Task directions | Set down, exactly and only, everything from the line containing "Пазлы 1000эл РК Щенки Корги в саду Ф1000-0757" down to the line containing "February 13 2012: Crews" in the data below; the pictures are not part of the copy.

[Dataset extract — start]

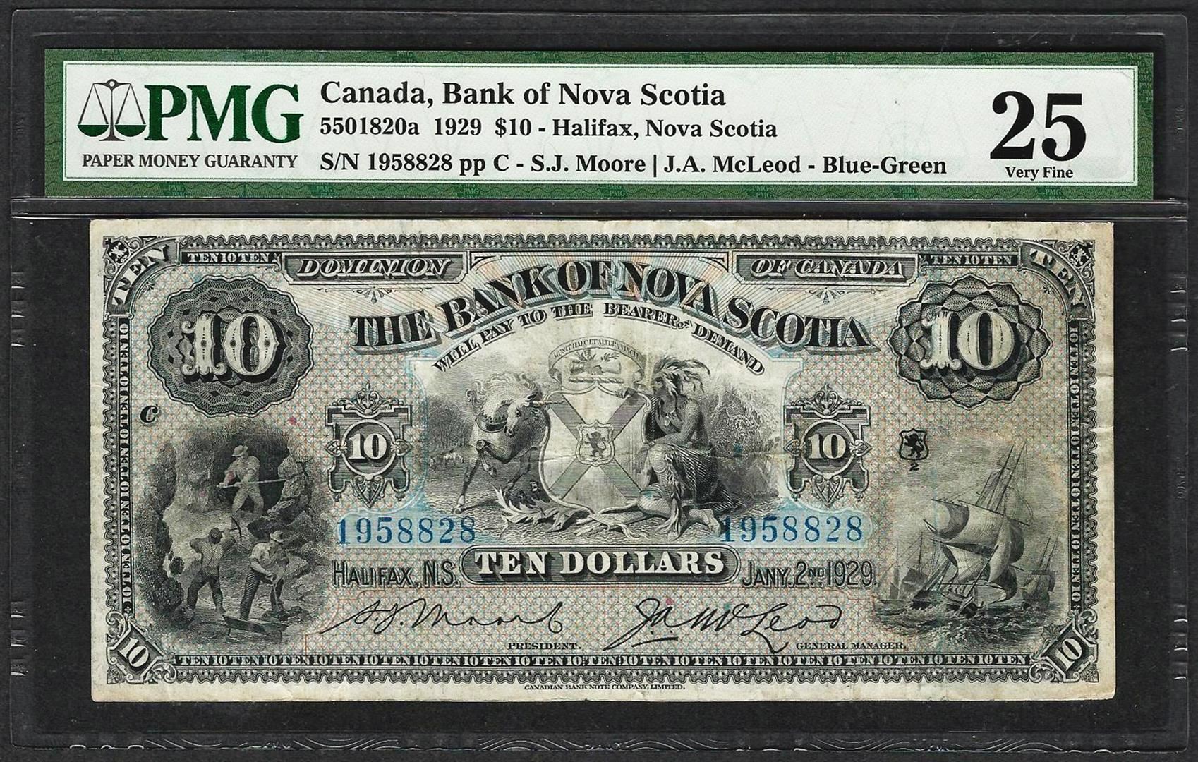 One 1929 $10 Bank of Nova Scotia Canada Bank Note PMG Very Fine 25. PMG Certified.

[Dataset extract — finish]
[Dataset extract — start]

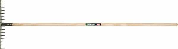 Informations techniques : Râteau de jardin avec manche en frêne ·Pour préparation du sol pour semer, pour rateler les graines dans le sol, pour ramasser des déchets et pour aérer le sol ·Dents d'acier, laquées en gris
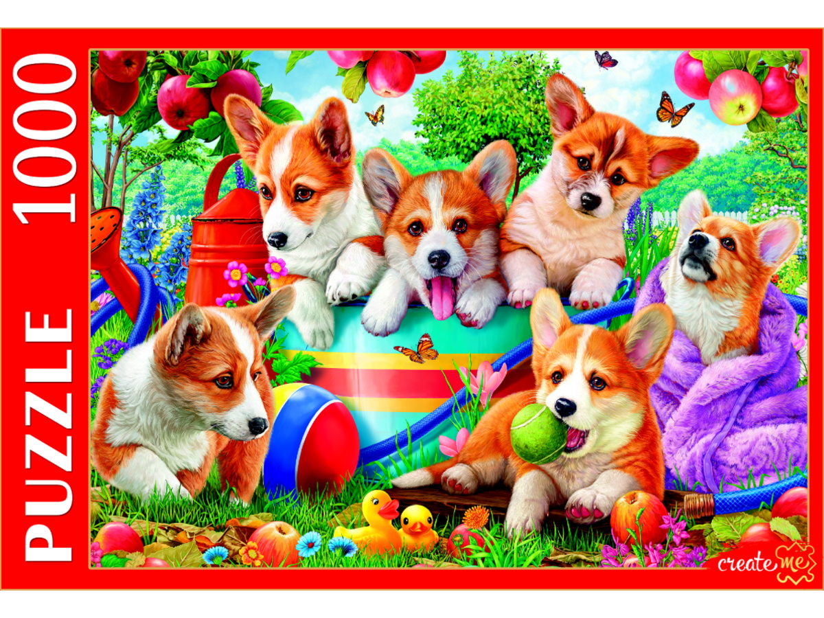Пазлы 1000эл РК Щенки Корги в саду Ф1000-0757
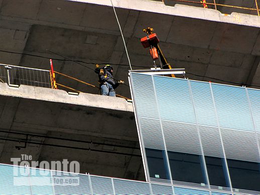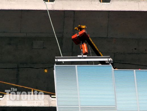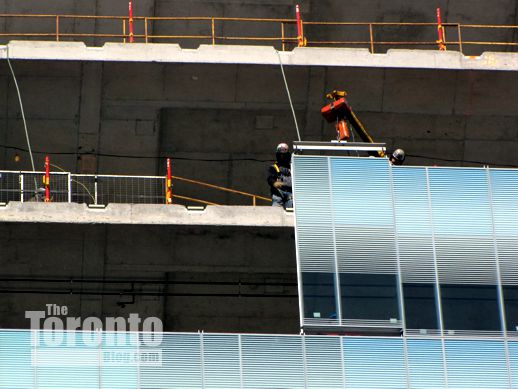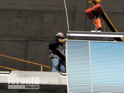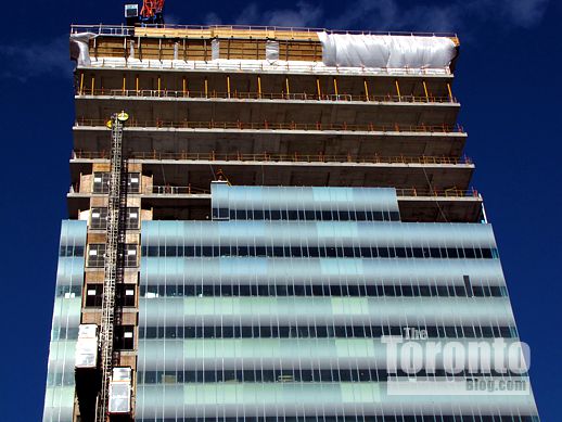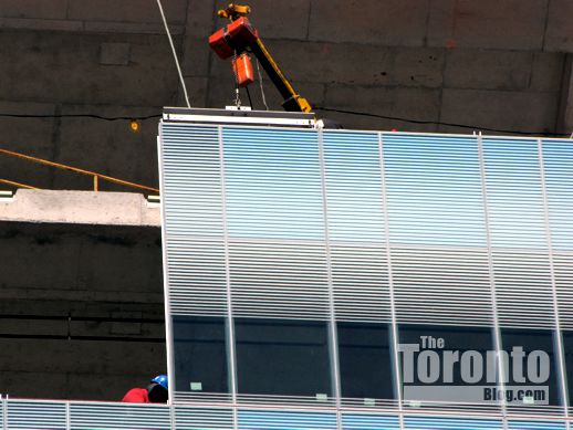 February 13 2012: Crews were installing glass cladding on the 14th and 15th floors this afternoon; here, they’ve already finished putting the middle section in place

[Dataset extract — finish]
[Dataset extract — start]

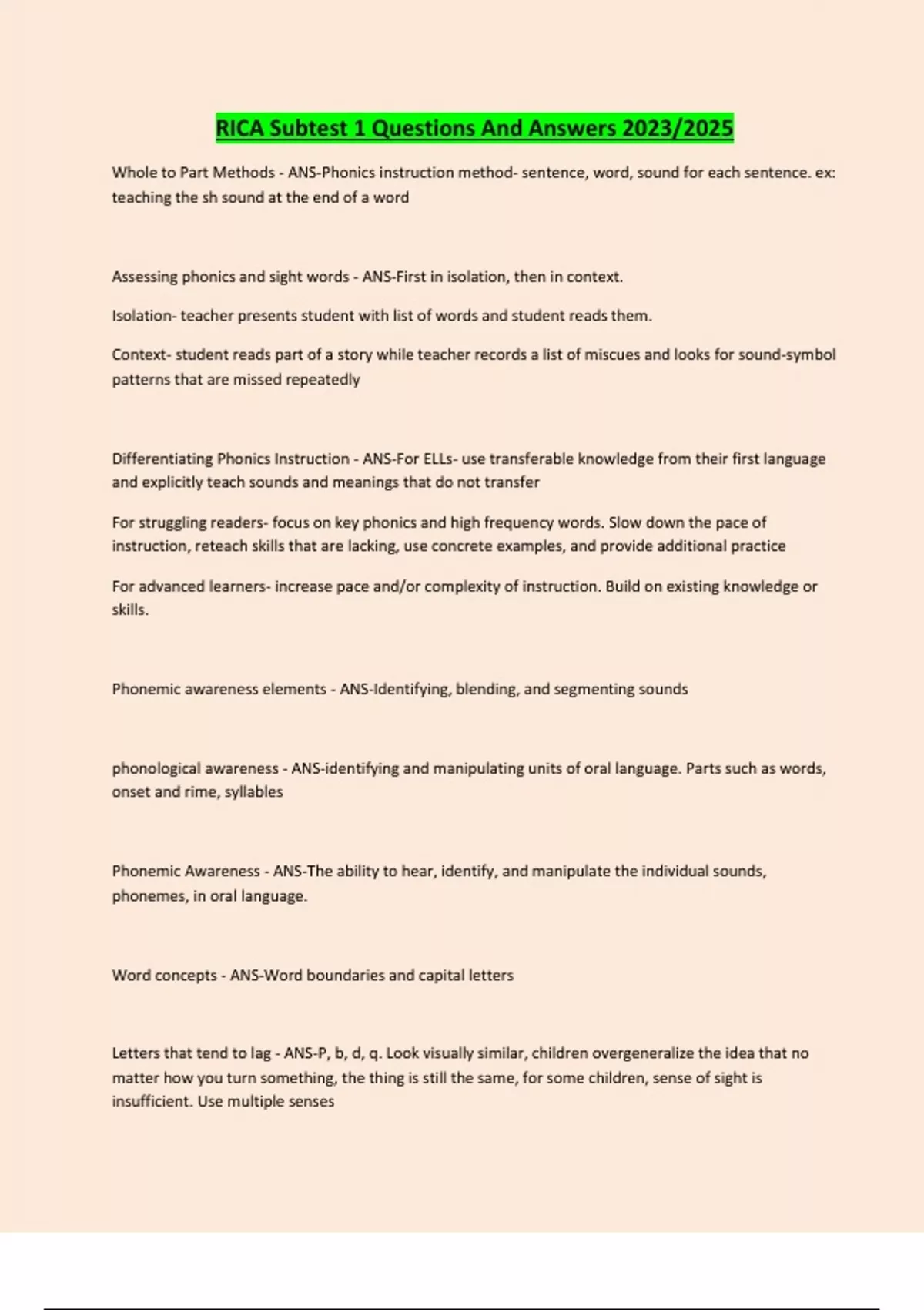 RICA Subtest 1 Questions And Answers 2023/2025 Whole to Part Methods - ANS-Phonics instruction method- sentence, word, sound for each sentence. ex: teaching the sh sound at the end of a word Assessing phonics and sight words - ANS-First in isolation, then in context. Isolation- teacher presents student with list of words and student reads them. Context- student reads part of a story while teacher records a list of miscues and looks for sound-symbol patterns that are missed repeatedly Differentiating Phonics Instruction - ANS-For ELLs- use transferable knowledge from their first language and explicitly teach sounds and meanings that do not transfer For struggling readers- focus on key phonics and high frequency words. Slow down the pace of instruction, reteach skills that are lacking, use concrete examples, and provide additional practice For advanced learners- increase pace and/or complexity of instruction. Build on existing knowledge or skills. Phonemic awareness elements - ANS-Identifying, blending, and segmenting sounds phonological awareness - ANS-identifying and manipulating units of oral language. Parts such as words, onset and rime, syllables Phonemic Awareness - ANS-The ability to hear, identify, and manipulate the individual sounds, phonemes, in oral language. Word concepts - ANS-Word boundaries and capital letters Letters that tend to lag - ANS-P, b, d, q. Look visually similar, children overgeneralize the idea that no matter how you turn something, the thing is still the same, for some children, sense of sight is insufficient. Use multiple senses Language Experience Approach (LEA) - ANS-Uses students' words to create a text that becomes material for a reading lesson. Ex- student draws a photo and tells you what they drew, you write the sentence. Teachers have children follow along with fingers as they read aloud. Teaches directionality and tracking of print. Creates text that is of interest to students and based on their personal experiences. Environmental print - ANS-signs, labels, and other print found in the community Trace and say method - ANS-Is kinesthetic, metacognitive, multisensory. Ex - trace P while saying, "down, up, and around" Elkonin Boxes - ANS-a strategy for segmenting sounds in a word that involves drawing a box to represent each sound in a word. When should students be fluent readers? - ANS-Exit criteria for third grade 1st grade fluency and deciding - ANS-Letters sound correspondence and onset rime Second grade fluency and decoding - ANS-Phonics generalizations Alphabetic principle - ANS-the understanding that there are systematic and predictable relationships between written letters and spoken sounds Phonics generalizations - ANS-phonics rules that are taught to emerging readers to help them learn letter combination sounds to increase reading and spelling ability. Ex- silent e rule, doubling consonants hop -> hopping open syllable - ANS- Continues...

[Dataset extract — finish]

Answer below |
Пазлы 1000эл РК Щенки Корги в саду Ф1000-0757
 February 13 2012: Crews were installing glass cladding on the 14th and 15th floors this afternoon; here, they’ve already finished putting the middle section in place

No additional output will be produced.